To do
The answer must consist only of the lines in the records below from the line with "Vi ligger nu" to the line with "每一份成绩,都是日夜坚守的画", both included, copied word for word with every picture left out.

[Collected data]

########

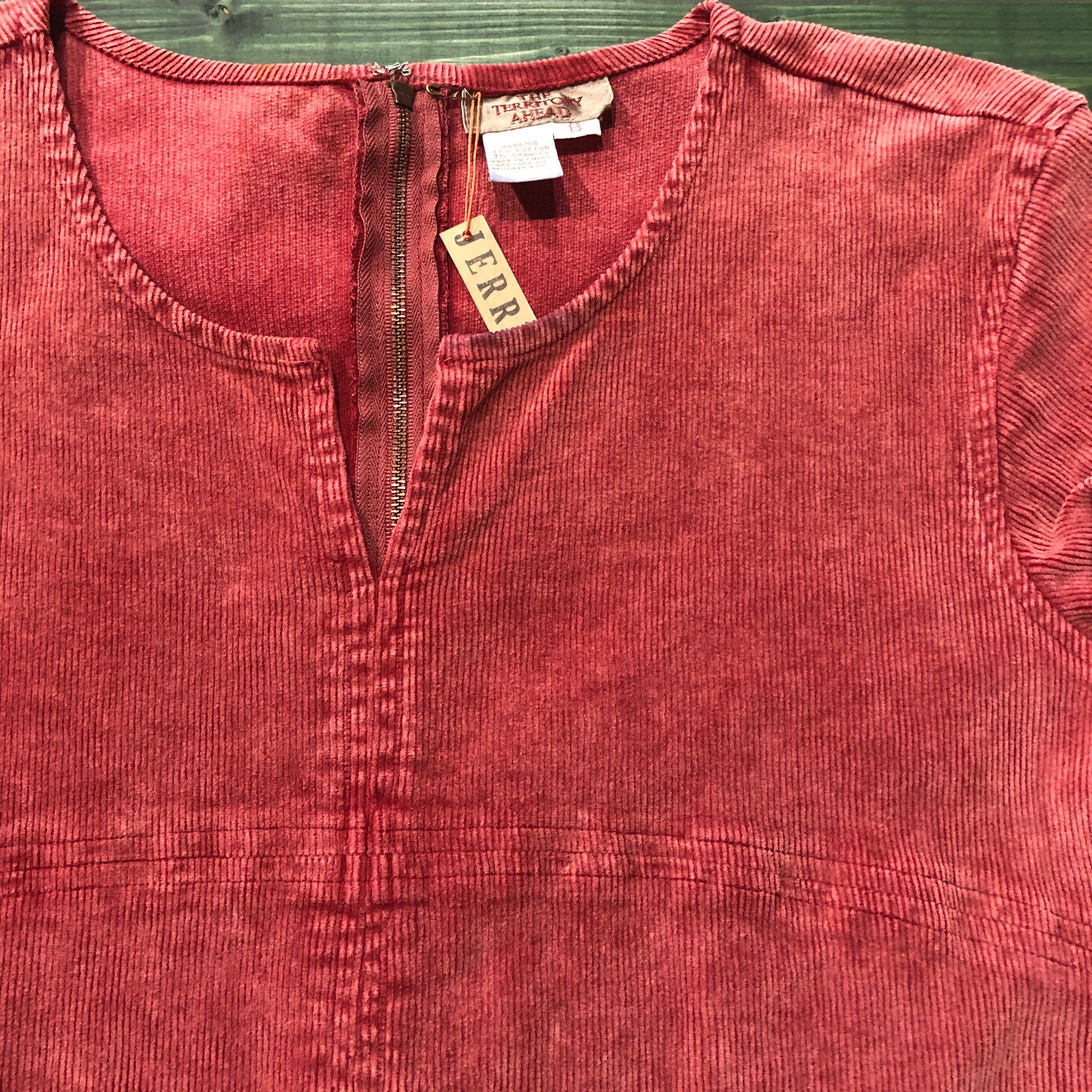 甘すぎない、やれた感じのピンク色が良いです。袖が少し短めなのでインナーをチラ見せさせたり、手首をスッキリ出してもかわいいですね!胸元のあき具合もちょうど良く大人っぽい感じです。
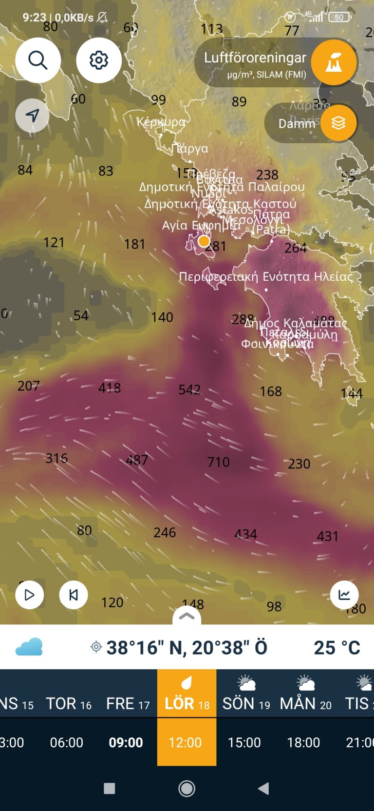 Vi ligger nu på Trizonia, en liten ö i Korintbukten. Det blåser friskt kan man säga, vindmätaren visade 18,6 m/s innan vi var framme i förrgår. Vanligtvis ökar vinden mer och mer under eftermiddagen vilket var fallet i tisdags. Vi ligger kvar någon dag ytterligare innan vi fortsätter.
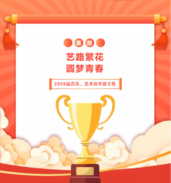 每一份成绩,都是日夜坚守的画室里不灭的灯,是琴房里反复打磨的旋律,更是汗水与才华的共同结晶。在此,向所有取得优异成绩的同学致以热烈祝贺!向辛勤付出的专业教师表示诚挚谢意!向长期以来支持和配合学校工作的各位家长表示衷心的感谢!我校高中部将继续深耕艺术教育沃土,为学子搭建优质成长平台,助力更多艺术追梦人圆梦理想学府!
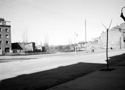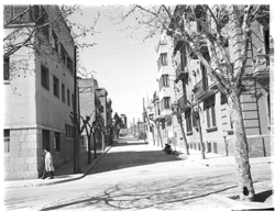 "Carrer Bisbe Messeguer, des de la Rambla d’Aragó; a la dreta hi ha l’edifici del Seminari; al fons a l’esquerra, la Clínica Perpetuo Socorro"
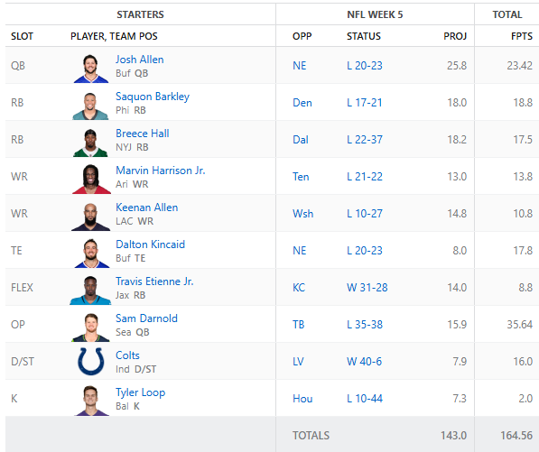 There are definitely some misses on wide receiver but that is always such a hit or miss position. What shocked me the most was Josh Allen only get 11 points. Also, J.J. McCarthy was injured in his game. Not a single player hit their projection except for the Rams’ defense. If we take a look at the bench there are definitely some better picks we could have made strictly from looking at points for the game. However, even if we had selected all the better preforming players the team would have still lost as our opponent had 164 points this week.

########

Written response
 Vi ligger nu på Trizonia, en liten ö i Korintbukten. Det blåser friskt kan man säga, vindmätaren visade 18,6 m/s innan vi var framme i förrgår. Vanligtvis ökar vinden mer och mer under eftermiddagen vilket var fallet i tisdags. Vi ligger kvar någon dag ytterligare innan vi fortsätter.
 每一份成绩,都是日夜坚守的画室里不灭的灯,是琴房里反复打磨的旋律,更是汗水与才华的共同结晶。在此,向所有取得优异成绩的同学致以热烈祝贺!向辛勤付出的专业教师表示诚挚谢意!向长期以来支持和配合学校工作的各位家长表示衷心的感谢!我校高中部将继续深耕艺术教育沃土,为学子搭建优质成长平台,助力更多艺术追梦人圆梦理想学府!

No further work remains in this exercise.